### PROMPT
Retype only what runs from the first line of the records to the line with "業(yè)務對象支持批量增加", inclusive, and no pictures.

Stored dataset items
++++++++++++++++++++
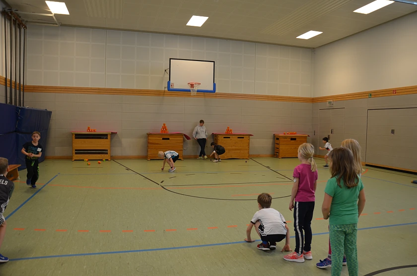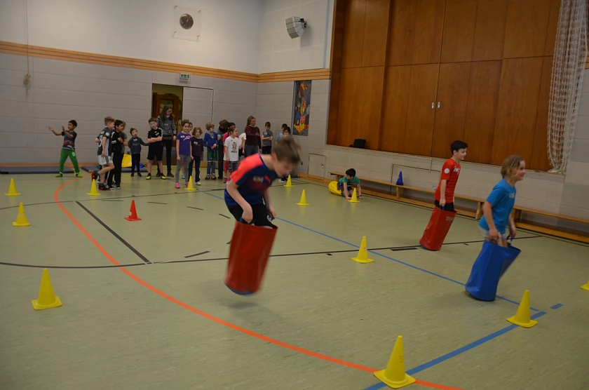 In der Sporthalle ging es ganz rasant her. In der einen Hälfte wurde um die Wette "sackgehüpft" und in der anderen Hälfte konnte man Dosen abwerfen.
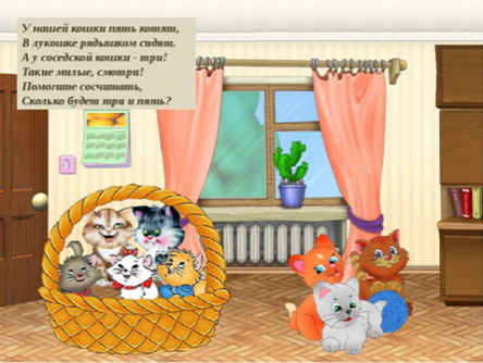 1.задача - Как получилось число 8? Выложи при помощи карточек с числами и знаков на мольберте, решение и ответ задачи. (3+5=8)
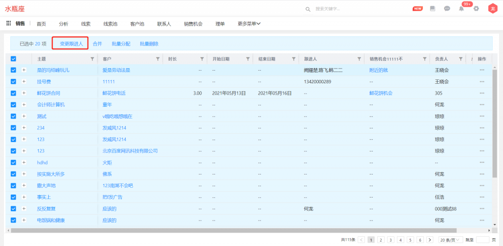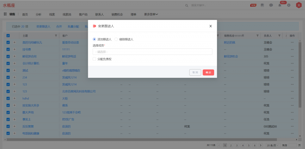 業(yè)務對象支持批量增加和刪除跟進人,同時增加“跟進人”字段,與跟進人組件同步,并支持篩選;使用前請先在對象管理中,將“跟進人”字段及“變更跟進人”按鈕的權限進行勾選
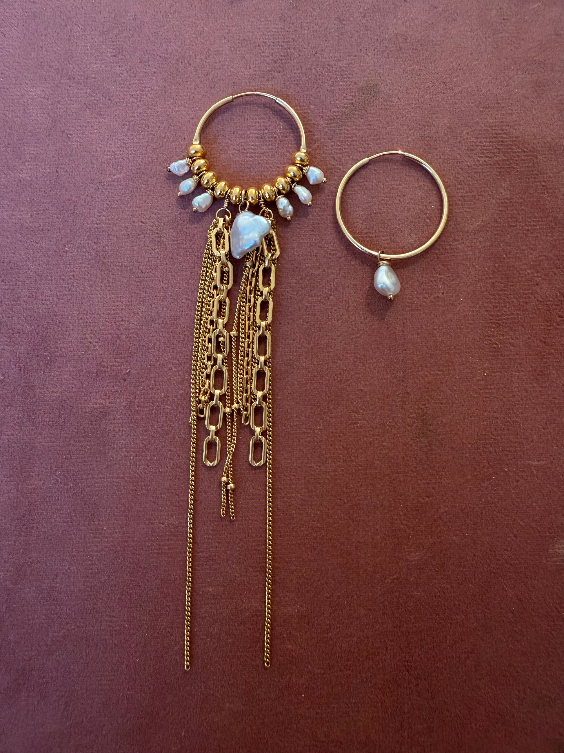 One of a kind 14k gold filled hoop, adorned with a singe Tahitian keshi pearl at the center with Tahitian keshi pearls, 14k gold filled beads + lots of 14k gold filled chain fringe
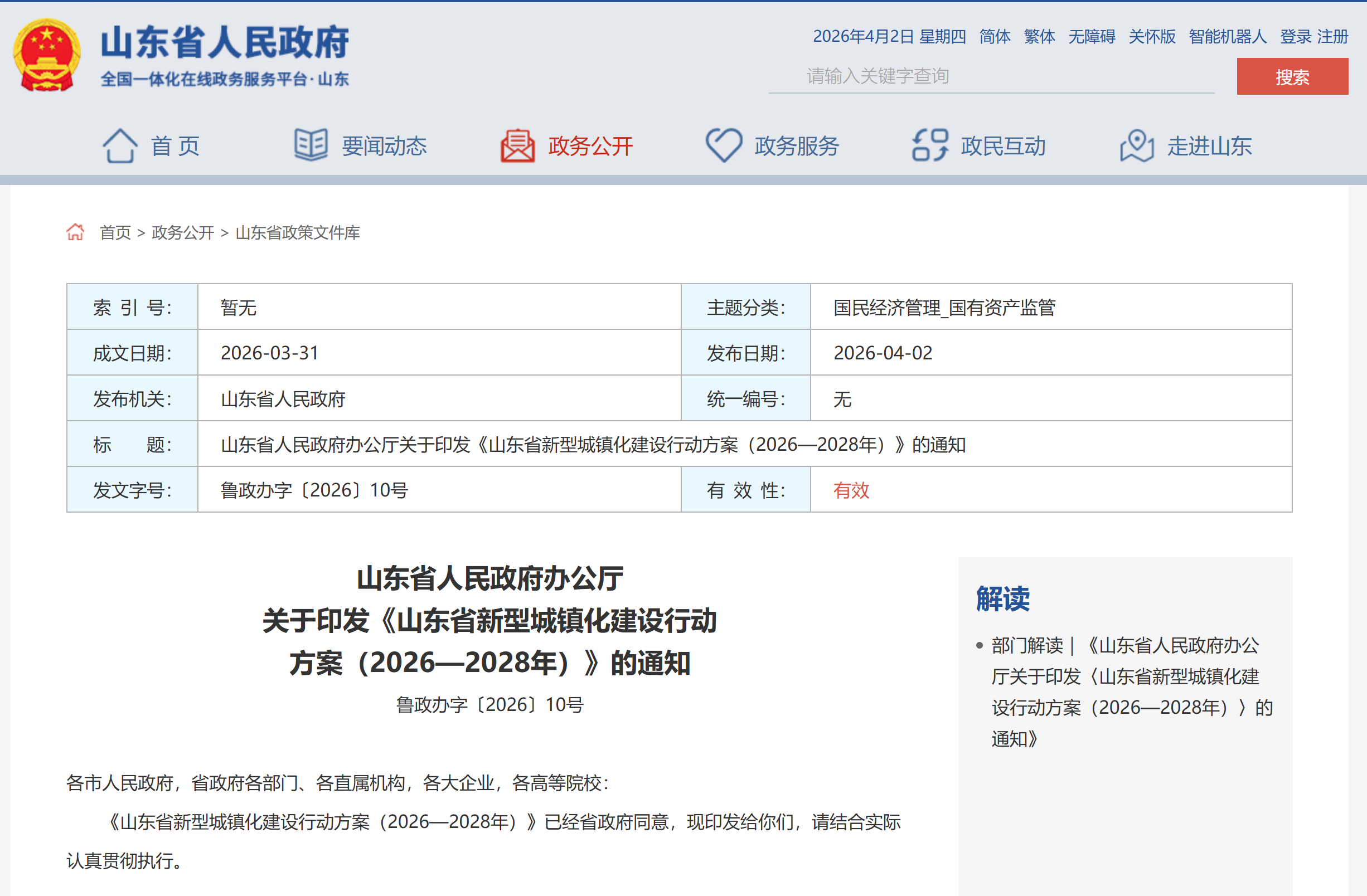 4月2日,山东省政府网站发布《山东省新型城镇化建设行动方案(2026—2028年)》(以下简称《行动方案》)。
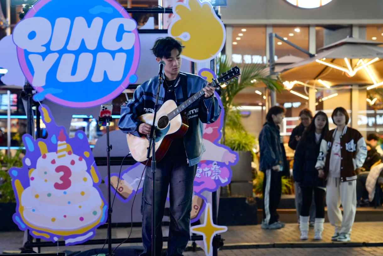“后来我总算学会了如何去爱,可惜你早已远去消失在人海……”11 月 30 日临近晚上 9 点,初冬的泠风中,贵阳市区青云市集的人流仍熙熙攘攘,在中央广场的一隅,歌手杨颢语站在小型舞台上,专注演唱着《后来》这首歌曲。当旋律抵达高潮部分,台下的观众也不由自主地加入合唱,随着音乐轻轻摇摆,共同沉浸在冬日的浪漫氛围之中。
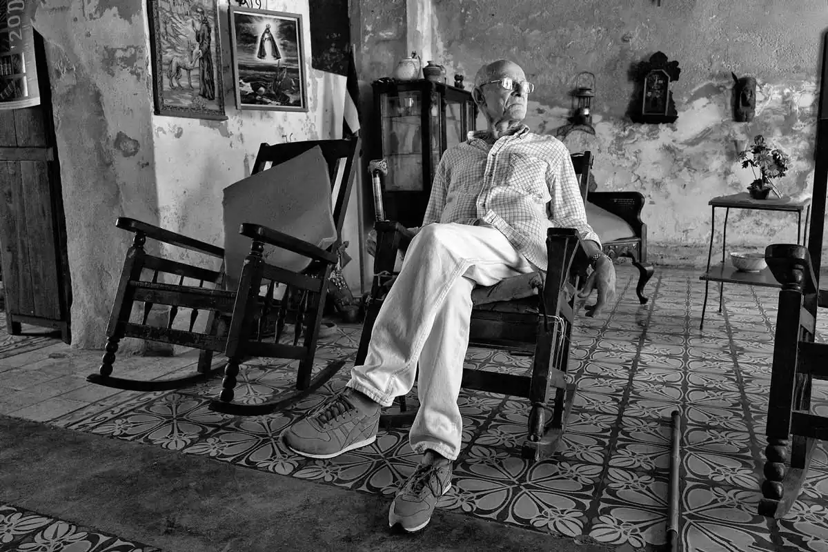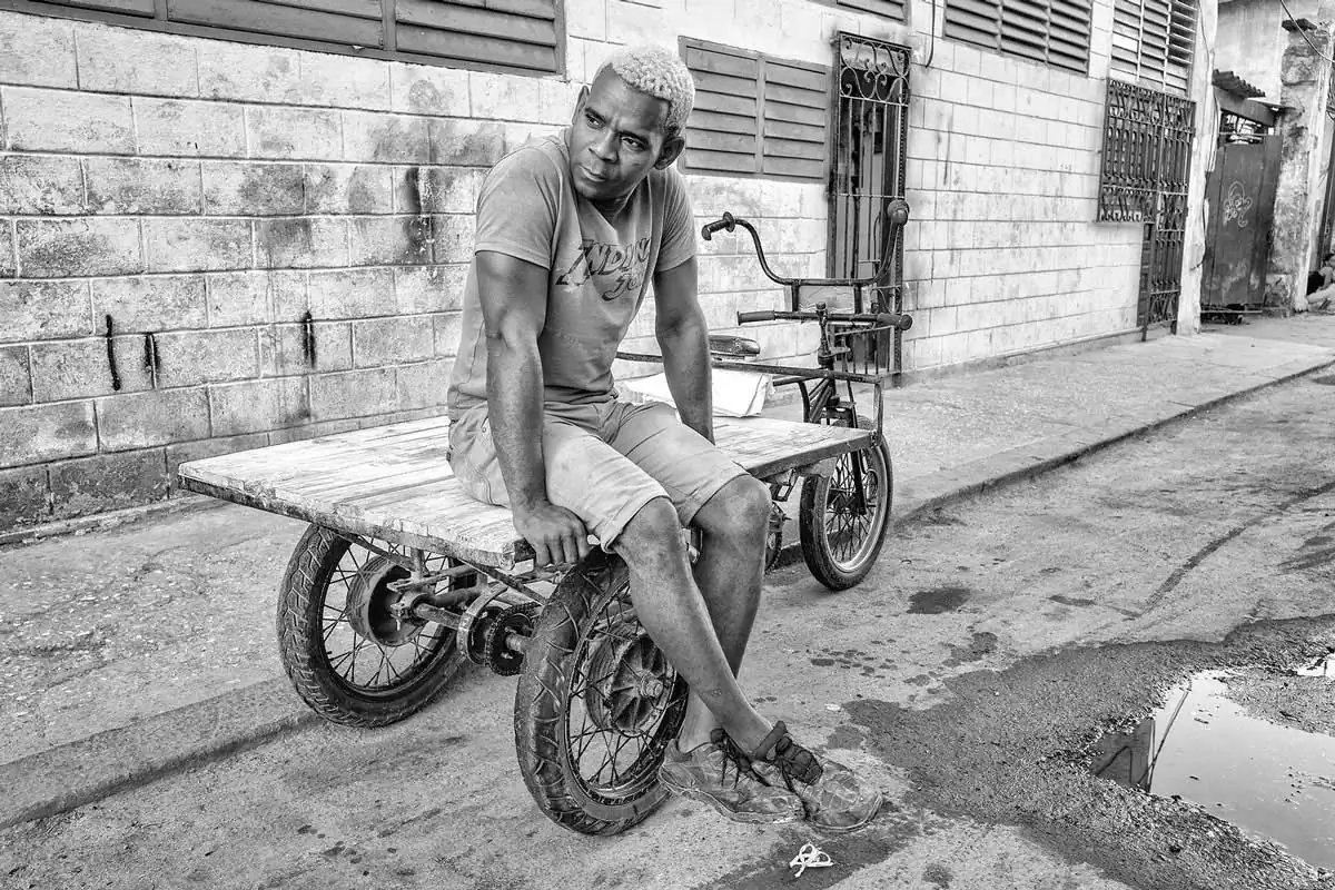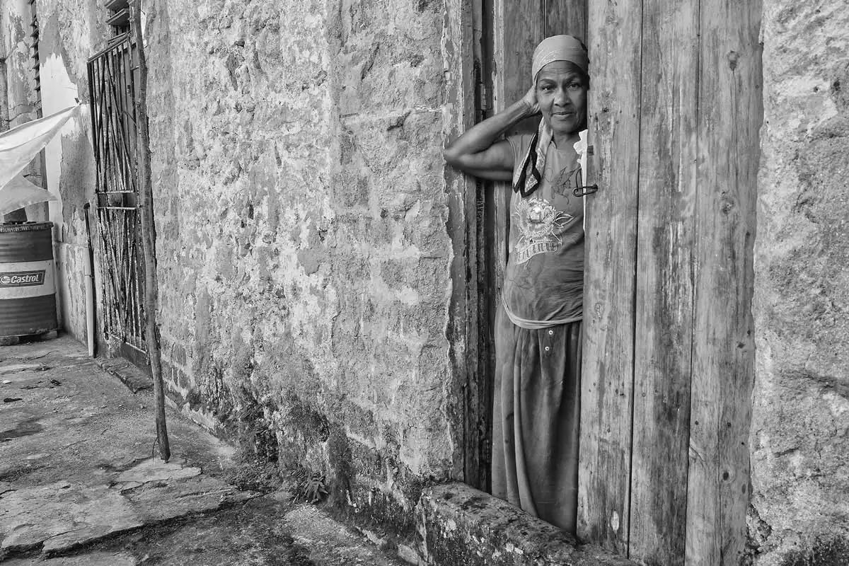 To the visiting eye, Havana is all color – dazzling, saturated, primary color against the rich, water-stained ochres of plaster and stone.  It felt like “killing my babies” to print these street portraits in B&W, but color was ultimately a distraction from the architecture of the image, the powerful beauty of these people, and the homage I found in many of these images to the long legacy of street photography that inspires my own work.
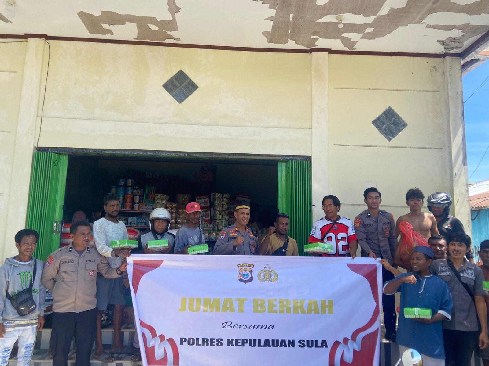 HUMAS POLRES SULA — Sebagai bentuk kepedulian sosial dan komitmen mempererat hubungan dengan masyarakat, Polres Kepulauan Sula melaksanakan kegiatan Jumat Berkah bertempat di area pertokoan Desa Fagudu, Kecamatan Sanana, pada Jumat (14/11)
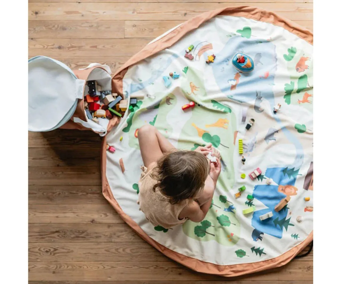 Solo tienes que desplegar la alfombra para que tu peque se sumerja en un mundo mágico. ¿Hora de recoger? Tira de los cordones, ¡y todo se convierte en una práctica cesta lista para guardar!
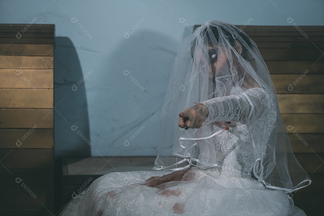 O retrato da mulher asiática compõe a morte da noiva fantasma e o sangue, o horror é a cena de terror assustador da escuridão para o fundo, conceito do festival de Halloween.
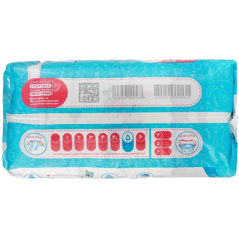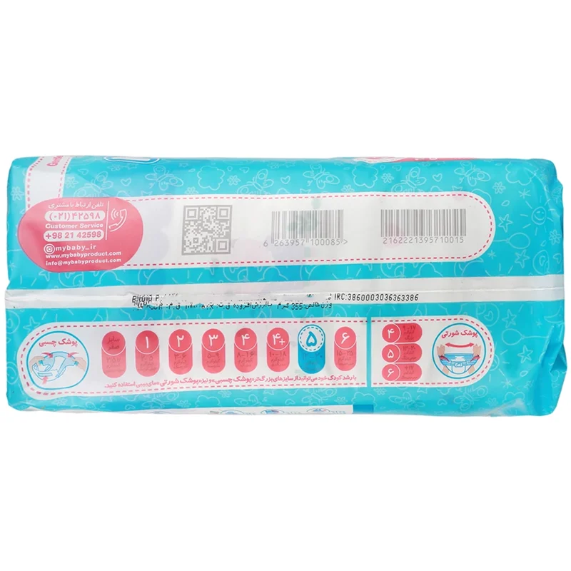 - پوشک مای بیبی سایز 5 دارای لایه رویی نرم، راحت و دارای قدرت جذب بالا
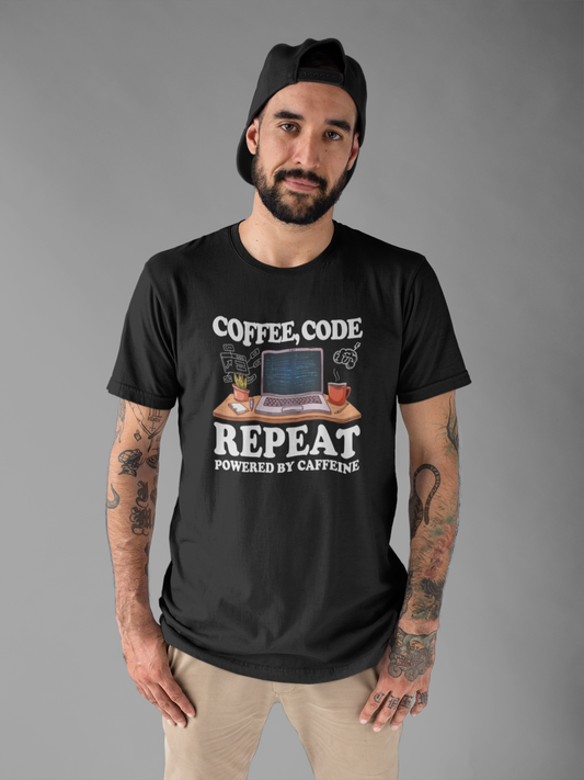 Coffee, Code, Repeat Official Graphic Statement Tee for Bold Minds, Modern Thinkers, and Everyday Expression Everywhere
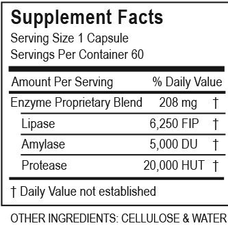 Digestive Enzymes: This enzyme-only formula is designed to assist the proper digestion of fats, starches, and proteins with particular focus on enhanced fat digestion.*
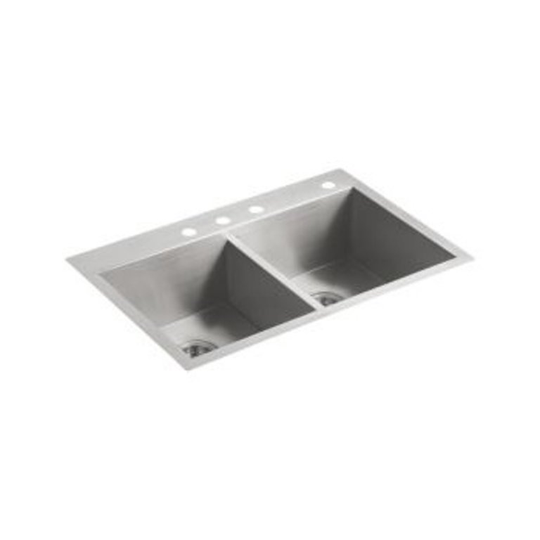 Kohler K3820 Vault 33 X 22 Double Kitchen Sink 4 Faucet Holes
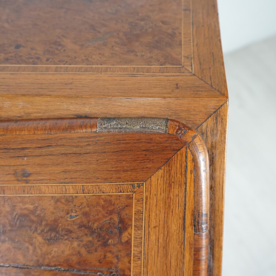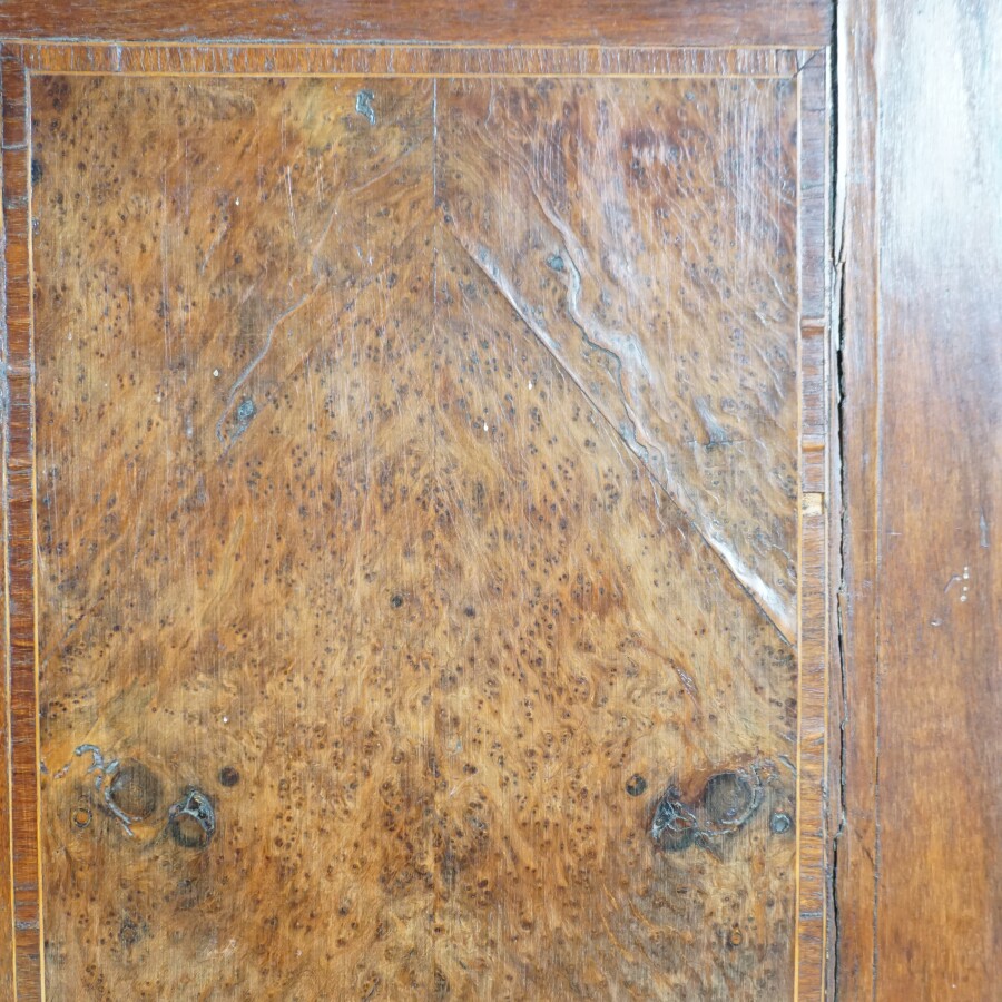 Bureau dos d'âne de style Louis XV, en bois de placage et placage de loupe de noyer, à décor marqueté toutes faces d'une importante coquille et de filets, ouvrant à un abattant découvrant un plateau gainé d'un cuir havane, tiroirs, gradins et casiers, la ceinture chantournée ouvrant à 3 tiroirs sur 2 rangs, il repose sur quatre pieds hauts légèrement cambrés, ornementation de bronzes ciselés et dorés telle que poignées de tirage, entrées de serrures et sabots, travail régional du 19e siècle, 97.5 x 49 x H. 98 cm (avec 3 clés, quelques manques et sauts au placage, bronzes rapportés, bronze à refixer).
++++++++++++++++++++
### TASK RESPONSE
 In der Sporthalle ging es ganz rasant her. In der einen Hälfte wurde um die Wette "sackgehüpft" und in der anderen Hälfte konnte man Dosen abwerfen.
 1.задача - Как получилось число 8? Выложи при помощи карточек с числами и знаков на мольберте, решение и ответ задачи. (3+5=8)
 業(yè)務對象支持批量增加和刪除跟進人,同時增加“跟進人”字段,與跟進人組件同步,并支持篩選;使用前請先在對象管理中,將“跟進人”字段及“變更跟進人”按鈕的權限進行勾選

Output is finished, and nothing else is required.